### WHAT THE TASK ASKS:
Retype only what runs from the first line of the listing to the line holding "For playful and", both included. Do not retype the pictures.

### DATASET:
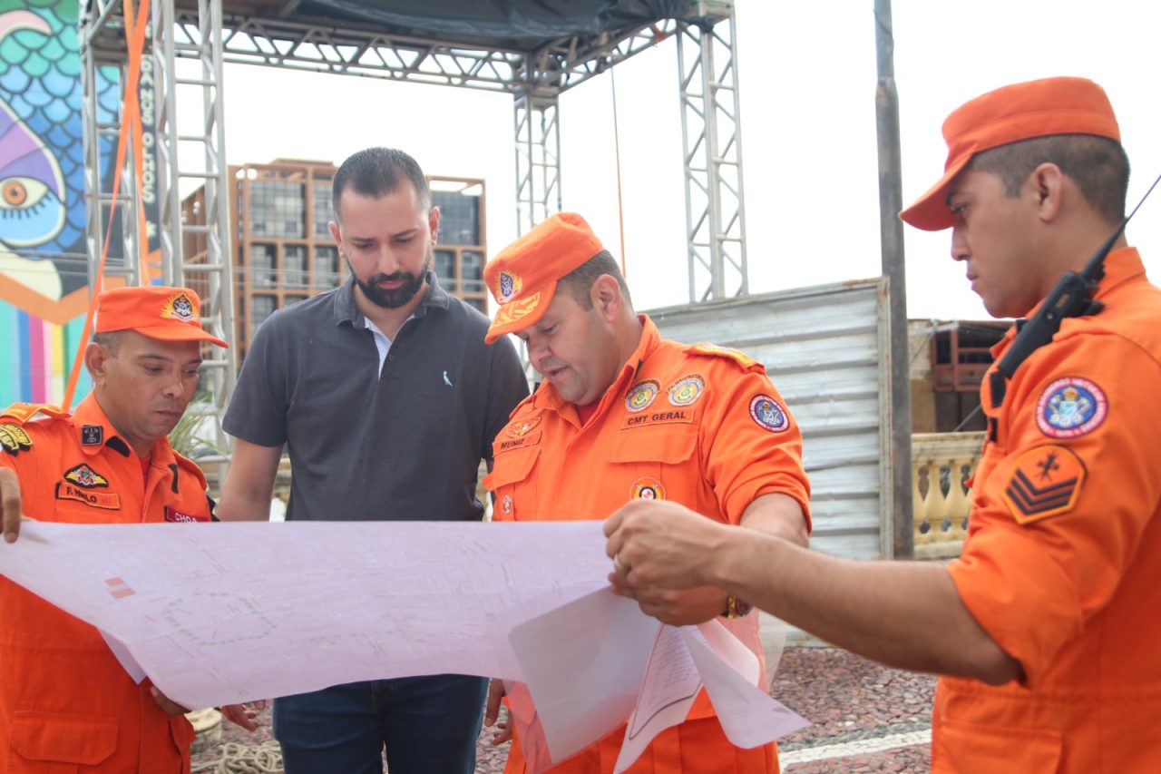 A vistoria foi coordenada pela Diretoria de Atividades Técnicas (DAT) do Corpo de Bombeiros e, também, participaram o comandante-geral do CBMAM, coronel Orleilso Muniz, o comandante de Bombeiros da Capital, coronel Reinaldo Menezes, e representantes da empresa responsável pela queima de fogos.
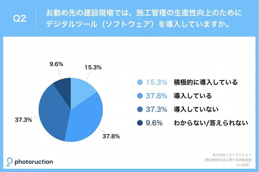 「Q2.お勤め先の建設現場では、施工管理の生産性向上のためにデジタルツール(ソフトウェア)を導入していますか。」(n=209)と質問したところ、「積極的に導入している」が15.3%、「導入している」が37.8%という回答となりました。
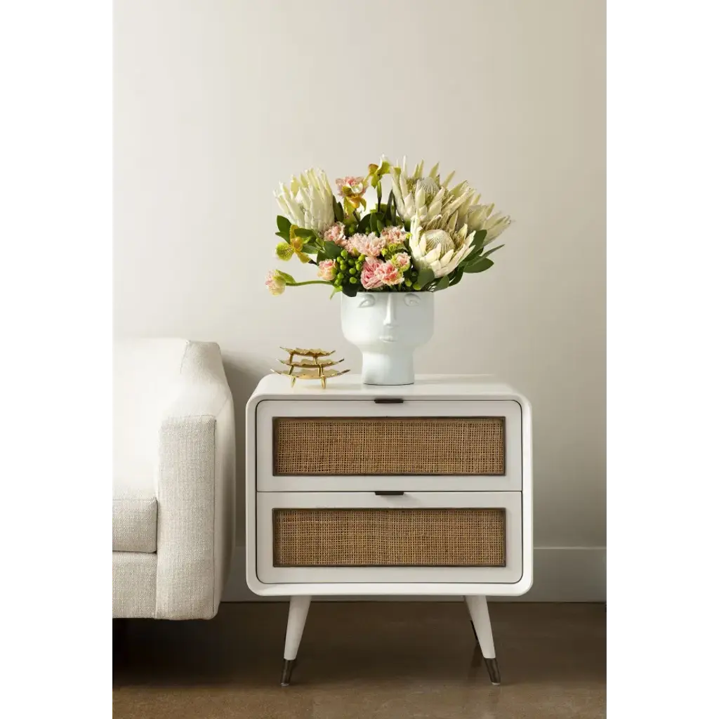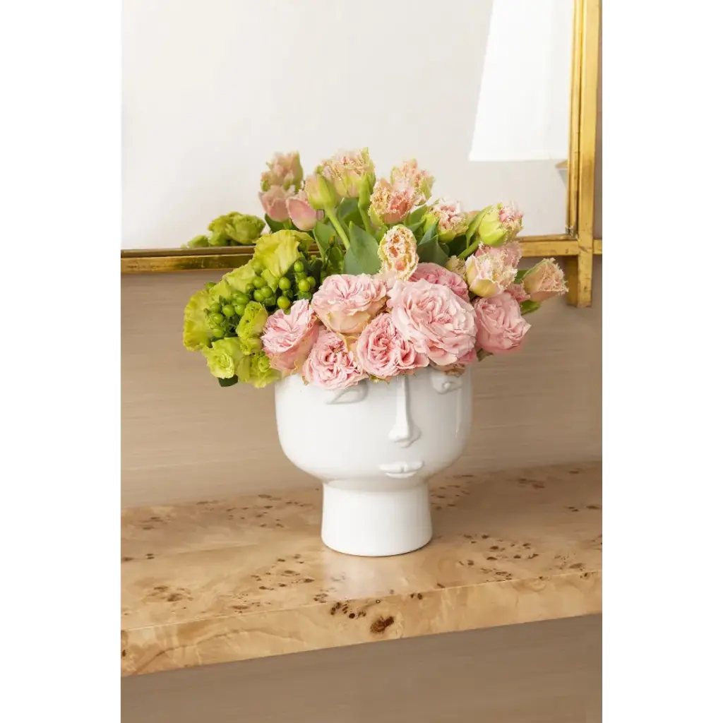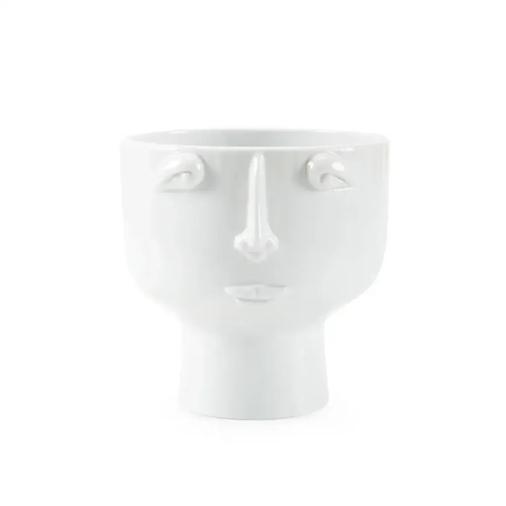 For playful and modern tastes, the Nico Vase is a must. Crafted from fine porcelain with a lightly glazed finish, the vase is a surrealist embodiment of a face, boasting striking features, including a nose, eyes, and mouth. The whimsical details come together to communicate a bright and joyous expression. It tapers down into a thinner base, perfectly resembling a neck. While the Nico certainly has enough personality for displaying solo, it turns into a truly fabulous masterpiece when filled with a bouquet—think of it as giving it a new floral hairstyle each time you switch it up.
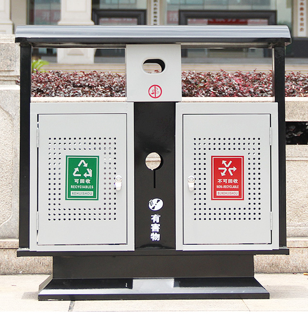 鋼制垃圾桶HT-GZ5690,該產(chǎn)品整體采用優(yōu)質(zhì)的鍍鋅鋼板生產(chǎn)加工而成,產(chǎn)品顏色為:黑灰色,規(guī)格為長1000mm寬350mm高1000mm,本款戶外分類鋼制北京桶整體采用優(yōu)質(zhì)鍍鋅板,經(jīng)折彎沖壓一次性成型.產(chǎn)品一律用室外粉靜電噴塑,經(jīng)過180°的高溫,限度延長了垃圾桶的使用壽命,使垃圾桶顏色持久不變,亮麗如新.表面經(jīng)除油——清洗——酸洗——清洗——表調(diào)——磷化——清洗——烘干——靜電粉末噴涂——高溫塑化——冷卻.噴涂粉末經(jīng)ISO9002質(zhì)量體系認(rèn)證,易保潔表面光滑之優(yōu)點(diǎn),不脫落,不起層。,HT-GZ5690鋼制垃圾桶也可按照您的具體需求可定制尺寸和顏色,可印制LOGO及文字
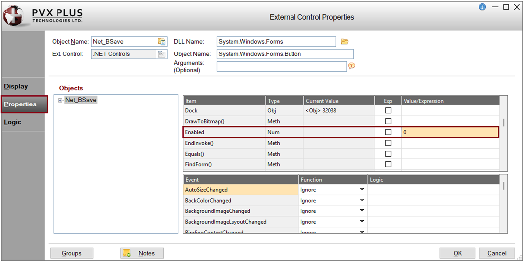 In the Extended Control Properties window, click the Properties tab. In the first grid, look for Enabled in the Item column. · If the button is to be Enabled, leave everything blank or enter 1 in the Value/Expression cell. For this example, enter 0 in the Value/Expression cell.

### ANSWER TO THIS PROBLEM:
 A vistoria foi coordenada pela Diretoria de Atividades Técnicas (DAT) do Corpo de Bombeiros e, também, participaram o comandante-geral do CBMAM, coronel Orleilso Muniz, o comandante de Bombeiros da Capital, coronel Reinaldo Menezes, e representantes da empresa responsável pela queima de fogos.
 「Q2.お勤め先の建設現場では、施工管理の生産性向上のためにデジタルツール(ソフトウェア)を導入していますか。」(n=209)と質問したところ、「積極的に導入している」が15.3%、「導入している」が37.8%という回答となりました。
 For playful and modern tastes, the Nico Vase is a must. Crafted from fine porcelain with a lightly glazed finish, the vase is a surrealist embodiment of a face, boasting striking features, including a nose, eyes, and mouth. The whimsical details come together to communicate a bright and joyous expression. It tapers down into a thinner base, perfectly resembling a neck. While the Nico certainly has enough personality for displaying solo, it turns into a truly fabulous masterpiece when filled with a bouquet—think of it as giving it a new floral hairstyle each time you switch it up.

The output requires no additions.